As far as dream content is concerned, the most important result was the general similarity of the dream reports from single and multiple awakenings, and from all REM periods of the night on the several Hall/Van de Castle categories that were used. Moreover, the results for the rating scales responded to by the dreamer at the time of awakening were similar in showing no differences, except that participants reported better recall and greater clarity for each successive awakening on nights when there were multiple awakenings, which could be due to a practice effect. The finding by Verdone (1965) with five participants who reported more references to the past in later REM periods was not replicated (Hall, 1966: 27).
Moreover, the 57 dream reports from 11 participants who had spontaneous awakenings did not differ from those collected from their single awakenings, the only laboratory dream reports with which they were compared; nor did the 37 dream reports collected from 12 participants during awakenings on adjustment nights differ from those collected through single awakenings (Hall, 1966: 25-26). Generally speaking, then, these laboratory results suggest that only a short adjustment period is needed if people are sleeping in the laboratory on a regular basis, and that it is possible to collect a representative sample of dream life at any hour of the sleep period. These findings make it possible to rely on awakenings late in the sleep period when REM periods are longer and people are more easily awakened, and more cooperative once awakened.
Of all the comparisons made in the study, the only ones showing several statistically significant differences were those concerning reports written down at home compared to those from the laboratory. These results became controversial in the late 1960s and created what is in retrospect unnecessary friction.
Differences Between Laboratory and Home Dream Reports
Perhaps due to the pervasive influence of Freud's theory of dreams in the 1950s and 1960s, many investigators expected the dreams collected in the sleep laboratory to be highly dramatic and riven with impulse, so there was surprise when there seemed to be a blandness and mundanity to the dream reports they were collecting (e.g., Snyder, 1970). The suspicion therefore arose that some sort of "inhibition" or "defense" must be working to produce bland dreams in the laboratory, as seen in the interpretation that Domhoff and Kamiya (1964a, 1964b) gave to their results. A systematic comparison of home and laboratory collected dream reports from the same participants was therefore a very important component of the Hall and Van de Castle investigation.

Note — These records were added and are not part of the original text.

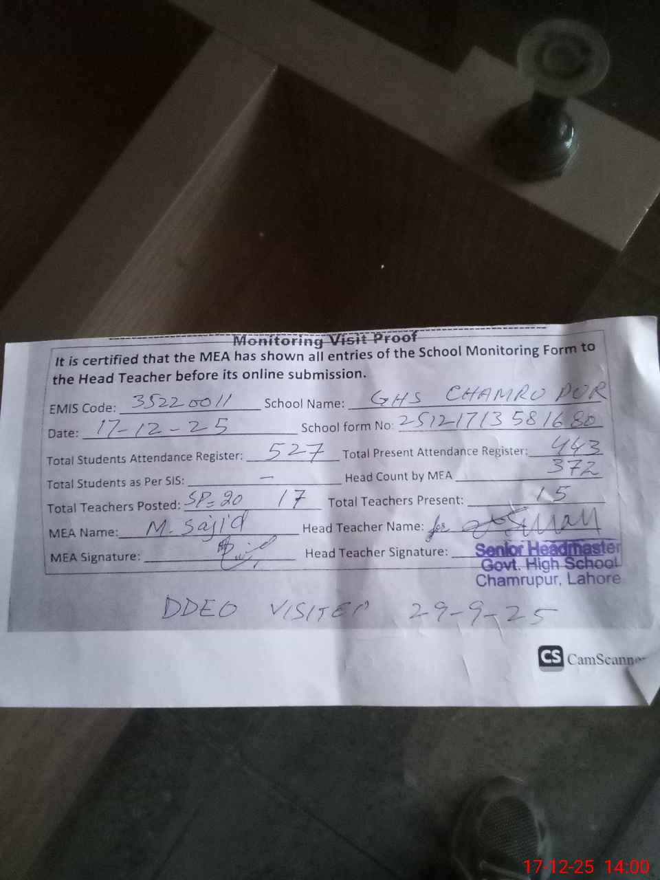 | Remarks (Use Separate Page if Required): A difference of 71 students found in Roznamcha and head count 443 students marked present in Roznamcha whereas 372 students were present on head count out of 527 School head Suleman CJ Gill has gone to attend a meeting in DEO Office School has two buildings and both are being used for teaching D3 was not available 35220011 | |||||
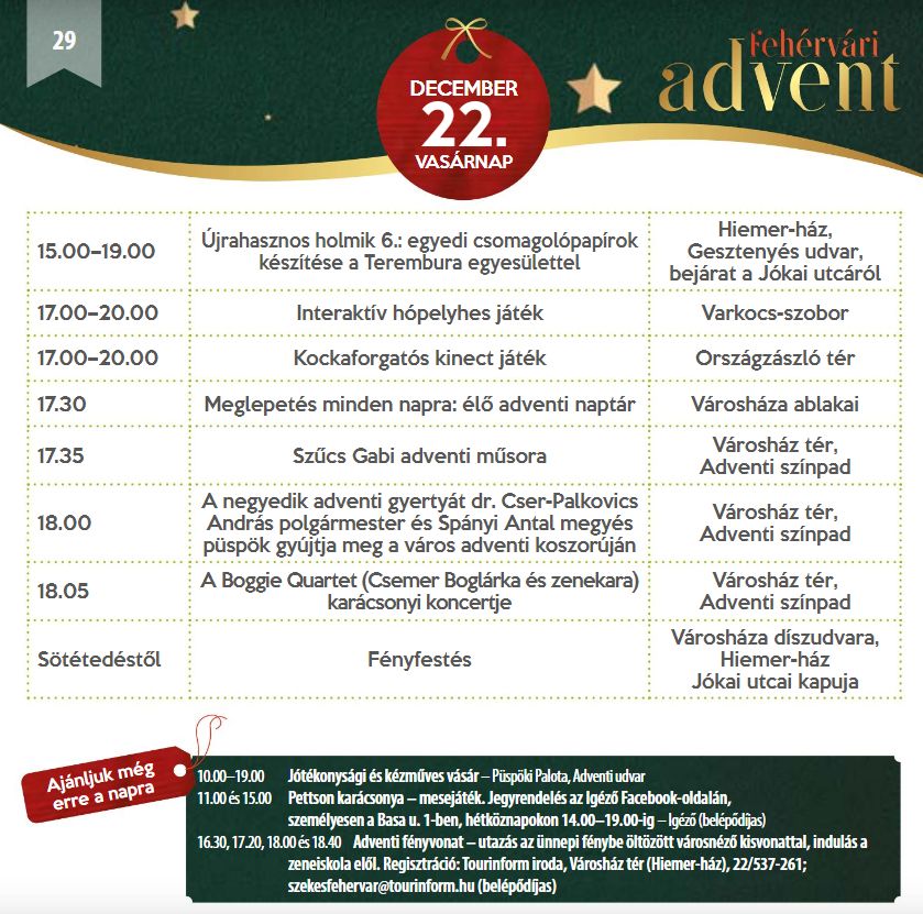 Advent negyedik hétvégéjén is sok program közül választhatnak a fehérváriak. Szombaton az adventi színpadon Bebe és a Boka Boogie Band is zenél. Vasárnap a Városház téren a negyedik adventi gyertyát Cser-Palkovics András polgármester és Spányi Antal megyés püspök gyújtja meg a város adventi koszorúján.
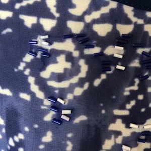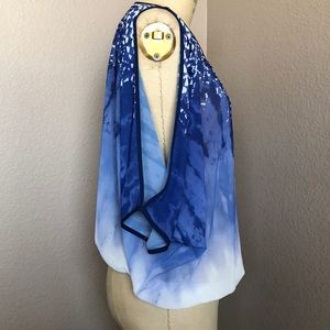 100% polyesters sheer tie dye wash with cold shoulders and sequins. Beautiful fabric, drapes very well. Light weight great for summer time! Bottom hem in elastic.
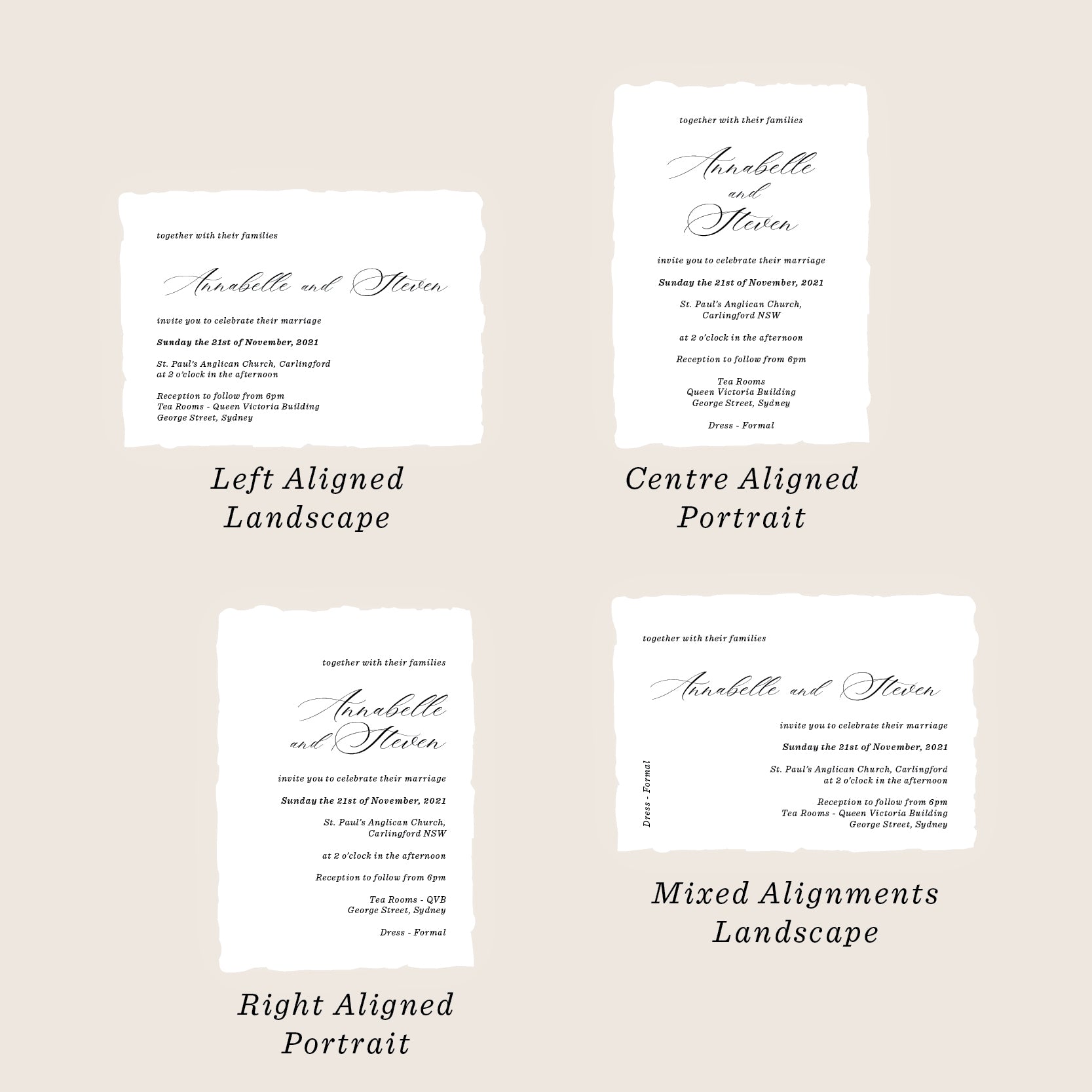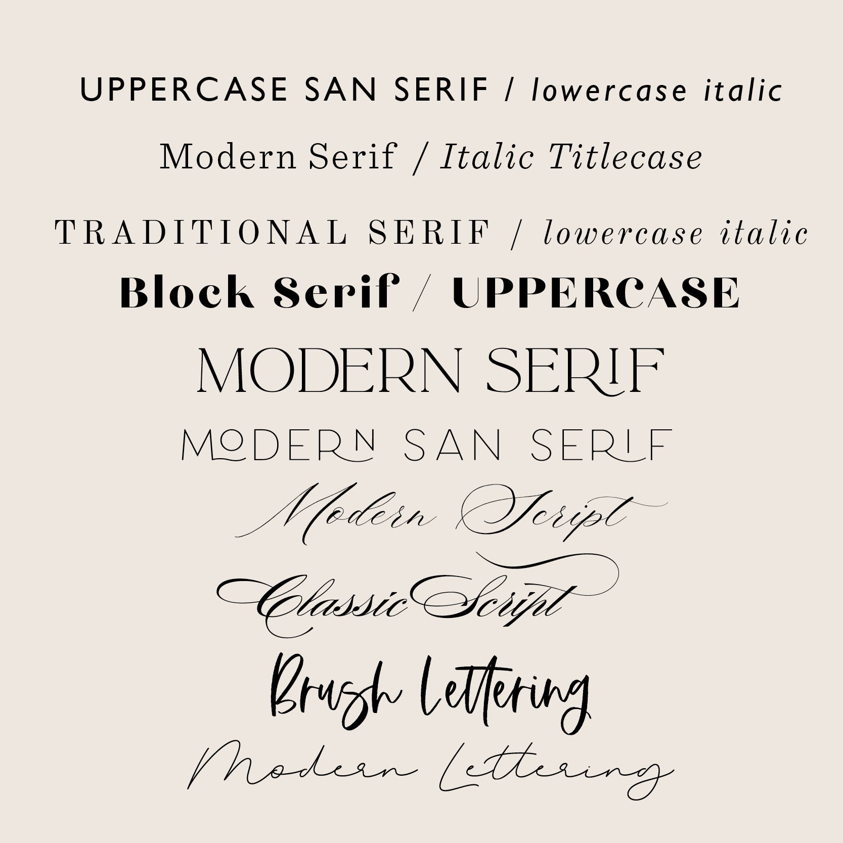 We have an extensive library of fonts, both classic and modern day options. We add to our library regularly and include them in almost all of our designs. For our semi-custom and custom designs we work with calligraphers and hand letterers to create a custom look for your stationery, mainly names and heading details paired with a font.

Hall and Van de Castle's findings supported impressionistic observations and the smaller study by Domhoff and Kamiya (1964a) in reporting that dreams written down at home differed from those collected in the laboratory in a number of ways on 26 comparisons for each of 12 individuals using the nonparametric Wilcoxon matched pairs, signed-rank test (Siegel, 1956: 75-83). Most of the statistically significant differences concerned aggressions and misfortunes. At the same time, home and laboratory dreams had few differences in types of characters and no differences in the percentage of dreams with at least one "unusual" (bizarre) element. The figure on unusual elements was a mere 10% for both samples, which does not support a finding of more unusual elements in laboratory dream reports in the study by Domhoff and Kamiya (1964a). A later study by Hunt, Ogilvie, Belicki, and Atalick (1982) also reported no differences in bizarreness between home and laboratory dream reports.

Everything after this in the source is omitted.